Within seconds, the storm began to die.

The haze thinned.

The dust settled.

The arena returned to view.

Stone scuffed, stained, spotted with cracks and damp circles—but visible again.

And at the center of it all stood Nerys.

Alone.

Her bubble had collapsed around her into rippling pools of water, spinning low around her feet. Her breathing was heavy. Her arms shook. Her boots slid faintly on the soaked floor.

But there was no sign of Kai.

Nowhere.

The stands were hushed.

No gasp. No cheer. Just silence.

Had she knocked him out?

Had he been swept away, too close to the arena’s edge during the storm?

Even the referee squinted into the dust-cleared ring, lifting a hand slowly, uncertain.

Nerys straightened, trying to calm her breath.

Then something changed.

The stone beneath her feet shifted.

Not cracked.

Not exploded.

Softened.

At first, it felt like her footing had merely sunk a little. A moment’s instability from the wet floor.

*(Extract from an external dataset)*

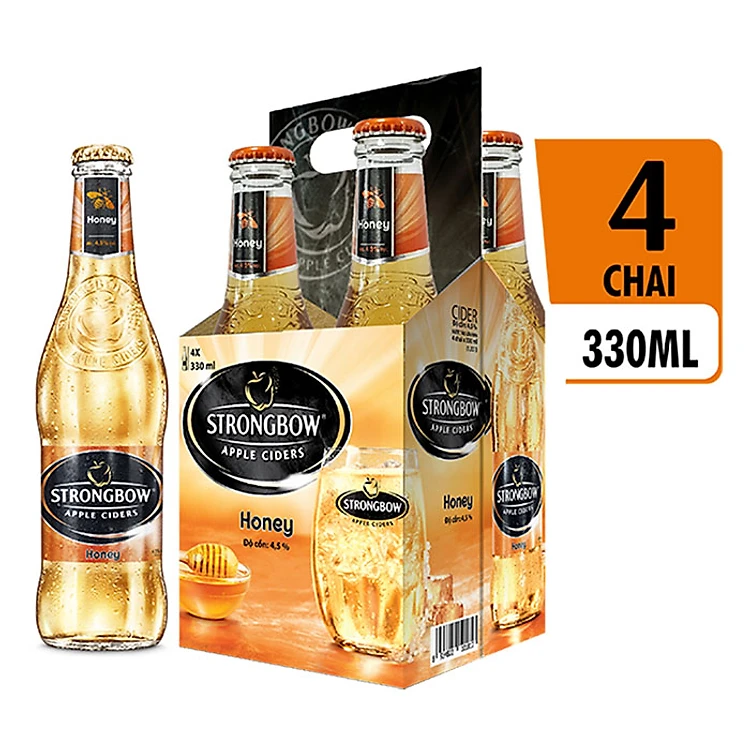 Lốc 4 Chai Nước Táo Lên Men Strongbow Honey - Vị Mật Ong (330ml / Chai)

But then her left boot dipped again. Lower. Faster.

She looked down.

The water around her feet was... changing.

Becoming mud.

No. Not mud.

A pull.

The boundary between her water and the stone beneath had melted into something new. The surface below was sinking, absorbing, like quicksand formed beneath the thinnest crust of battle-worn rock.

She reacted instantly—hands spreading, pulling water upward in a rush to form lift beneath her.

But the water hissed as it sank into the ground.

Her spell resisted her.

Melded with something else.

Something stronger.

She blinked.

Then her feet dropped another inch.

The water orb tried to form again—and again the earth consumed it, not with violence, but with grip.

Controlled grip.

It wasn’t erosion. Not a trap.

It was Kai.

A realization hit her a second too late: the storm wasn’t just cover.

It had been prep.

He had softened the ring’s foundation, sifted the top layer of stone into fine dust, manipulated the battlefield into something malleable.

He wasn’t gone.

He was waiting.

Beneath her.

A ripple of laughter rolled through the stands—uneasy, almost awed.

Nerys tried one last burst—an upward jet meant to launch her free.

But it stalled, losing pressure before it reached her shoulders.

She was already too far in.

Already too deep.

Already caught.

And from beneath the softening arena stone, a pulse of force echoed once—low, deep, and unmistakably deliberate.

Darius stood from his seat, breath caught in his throat.